A group of (one dimensional) tourists, so cardboard that it's a wonder that they don't blow off the pier in the wind and float away to sea, embark on a sightseeing trip aboard an ex-whaling vessel captained by the Santa-like Pétur (Gunnar - Leatherface, leatherier balls - Hansen) and co-piloted by a would-be rapist bad boy who you can tell is a bad 'un as we see him punch a disabled man in the films opening scenes (the rapist angle tho' is only there so that the director has an excuse to include some shots of Pihla Vitala's breasts later on which is nice) to go see these magnificent creatures in their natural environment.

But the merry bands plans go awry thanks to a drunk passenger (Hamdouchi) who manages to spear Pétur to the deck and causes Johnny Rapist to sail away in the boats rubber dingy.

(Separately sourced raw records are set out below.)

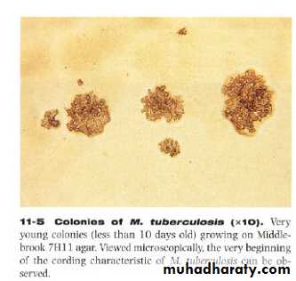 Macroscopical appearance:Culturing of mycobacteria requires both a non-selective and a selective media. Selective media contain antibiotics to prevent overgrowth of contaminating bacteria and fungi.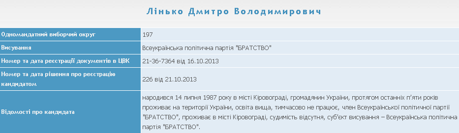 На довыборах в Раду в 2013 году Дмитрий Линько выдвигался в депутаты по кировоградскому округу № 197 от партии "Братство" Дмитрия Корчинского: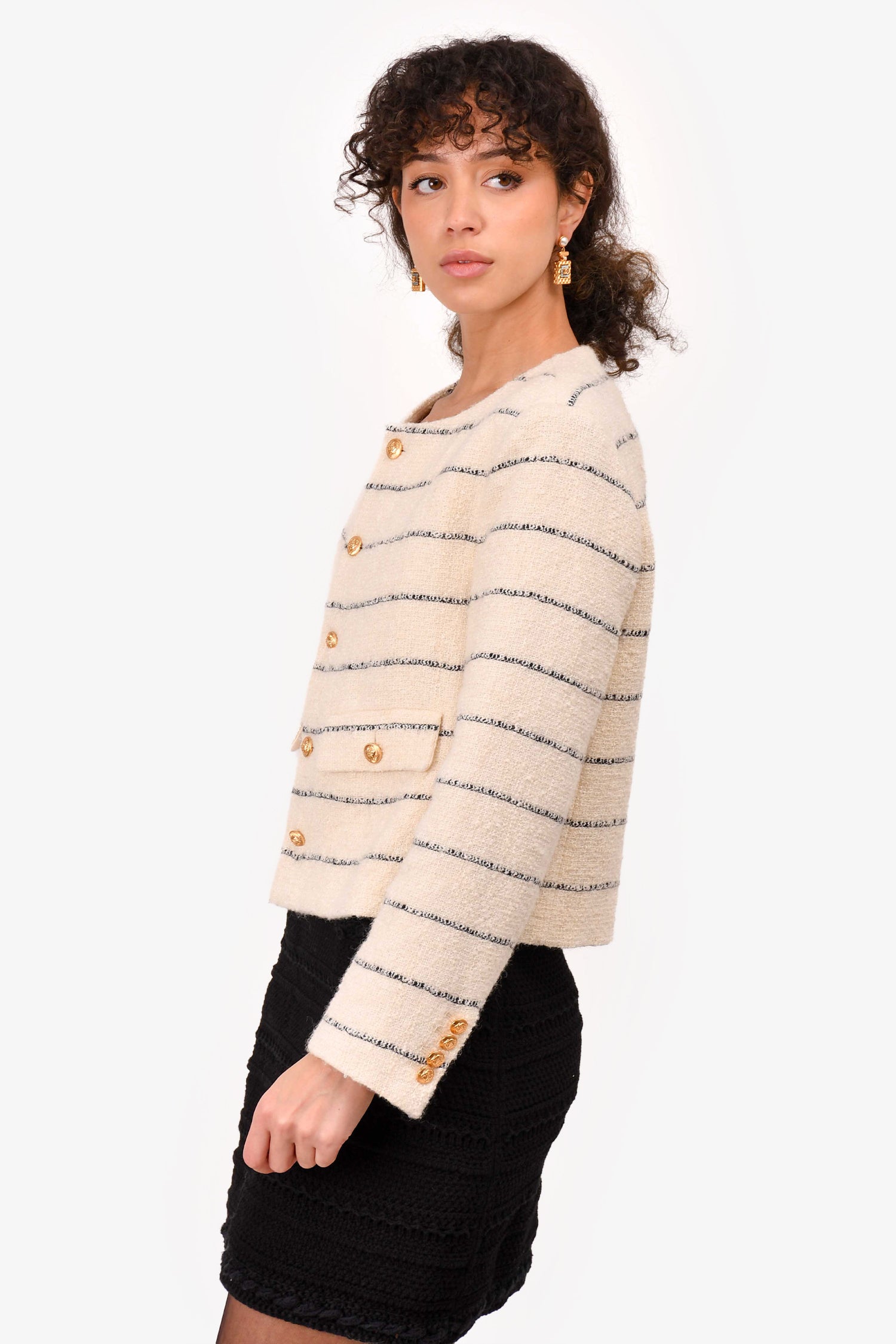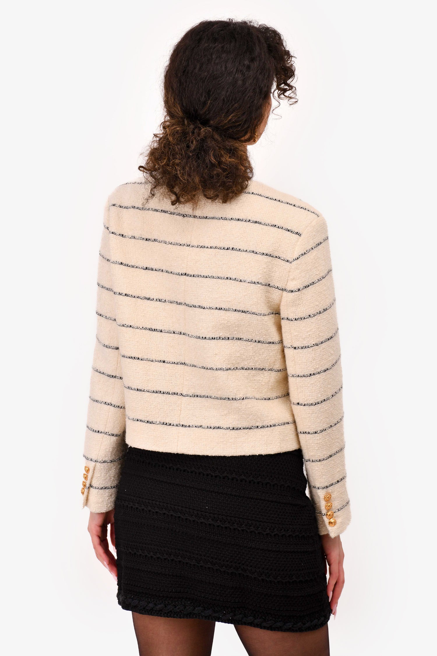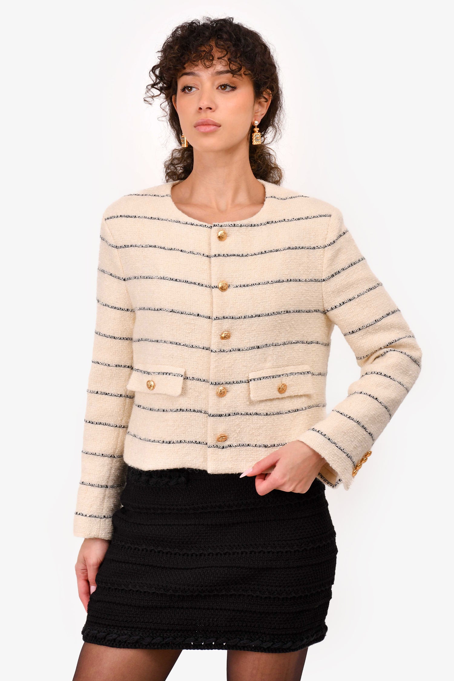 Celine White/Black Striped Wool/Silk Gold Buttoned Jacket Size 36

But not before smashing the radio and spunking in the sugar bowl.

Shite in mah, well shite everywhere really.


Luckily (well for the plot I guess) it's not too long before the day-trippers are rescued by a local fisherman who (due to a big storm approaching) doesn't take them to port but to his hidden whaling vessel where his brother and mum are lying in wait to kill the whole damn party.

why?

Something to do with Greenpeace and tourism or something.

The plot may be wafer thin but it's an excuse for poor old Pihla Viitala to get her tits out again.

And this time they're covered in fish oil and paint.

Iceland's first foray into horror movies (not counting those Kerry Katona ads) has all the hallmarks of an exploitation classic yet its unsure tone, wildly random subplots and lack of any real meaning torpedoes the idea somewhat leaving it dead in the water.

Twelve year old boys will love it but for the discerning horror fan it came across as lacking in depth, leaving it scuppered and listing heavily toward starboard.

And yes, I do realise the last bit makes no sense.

Saying that tho' you have to give kudos to a director who decides that although he obviously can't afford to film the movies Killer Whale versus American screamer on a life-raft ending, that he's going to do it anyway.

Even if the effect is achieved by an all too obvious wooden fin and grainy stock footage.

Hang on did I say kudos?

I meant a kicking.

So there you go, Glasgow Frightfest 2009.

Where else on Earth can you get eight films, dozens of trailers, sneaky peeks and the unforgettable sight of a former Oscar winners pale buttocks thrusting upon a computer generated chicken for only £40?

Cheaper than your mum and twice as much fun.